The maiden aunts, huddled in the corners of the room, were smiling in their sleep. Jadine flared her nostrils in an effort not to yawn. Another cup of coffee, another glass of port—nothing could bring her alive to the memories of an old man. I ought to be saying something, she thought. I ought to be asking questions and making comments instead of smiling and nodding like a puppet.

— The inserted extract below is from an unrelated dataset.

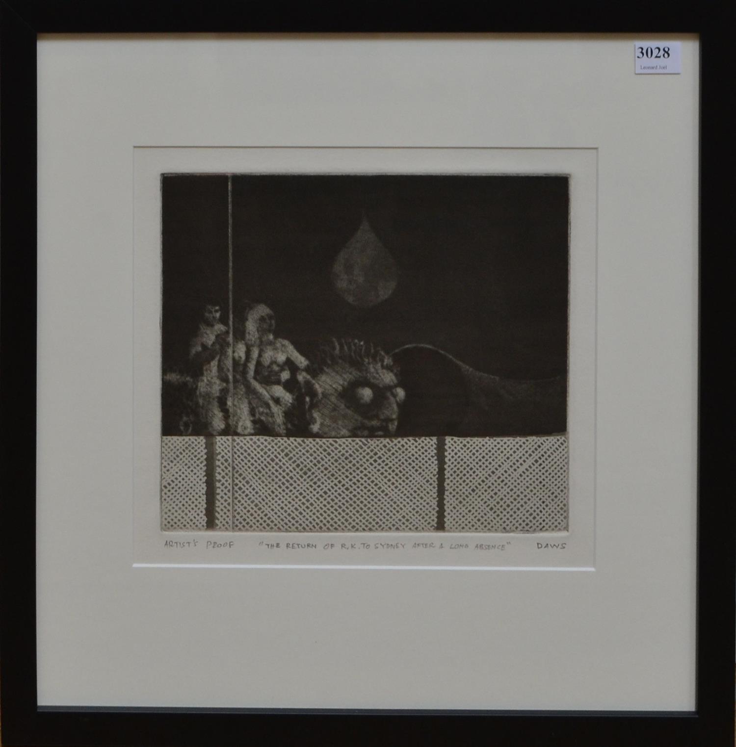 LAWRENCE DAWS, THE RETURN OF R.K. TO SYDNEY AFTER A LONG ABSENCE, ETCHING AND AQUATINT, SIGNED UNDER IMAGE, 20 X 22.5CM, FRAME SIZE: 42 X 42CM, LEONARD JOEL DELIVERY SIZE: SMALL

Hoping there was a residue of interest in her eyes, she held her chin toward him and continued to smile—but only a little—in case what he was remembering was poignant but not happy. Long ago she had given up trying to be deft or profound or anything in the company of people she was not interested in, who didn’t thrill her. Gazing at her stem of crystal she knew that whatever he was saying, her response was going to miss the point entirely. Her mind was in automatic park. She played with the little bit of port, gently swirling it around the well of her glass. “Sunday,” he was saying with the bell-full voice of ownership like “in the land” or “the whole of London” or “
tout
Paris.” He had a smile like Sunday. His Sunday. She wondered what Sunday was to this tall, thin man with eyes like the gloaming. Light? Warmth? A drawing room full of flowers? He was pouring himself a fifth glass of wine, too morose, too preoccupied with Sundays to think of offering her more. The peaches and walnuts were quiet in their silver bowls. She took a cigarette from a crystal cigarette holder. Next to it lay a round matchbox patterned like an Indian carpet. Inside were tiny white matchsticks with speckled gold heads that exploded with a hiss when struck. Three months, no two, and the quiet to which the house succumbed at night still disturbed her. Sunset, three minutes of Titian blue, and deep night. And with it a solid earthbound silence. No crickets, no frogs, no mosquitoes up here. Only the sounds, heard or imagined, that humans made. The hiss of a gold-headed match; the short cascade of wine into a goblet; the faint, very faint, click and clatter of the kitchen being tidied, and now a scream so loud and full of terror it woke the maiden aunts from their sleep in the corners of the room. And when they saw those blue-if-it’s-a-boy blue eyes gone white with fear, they fled, pulling their maiden hair behind them.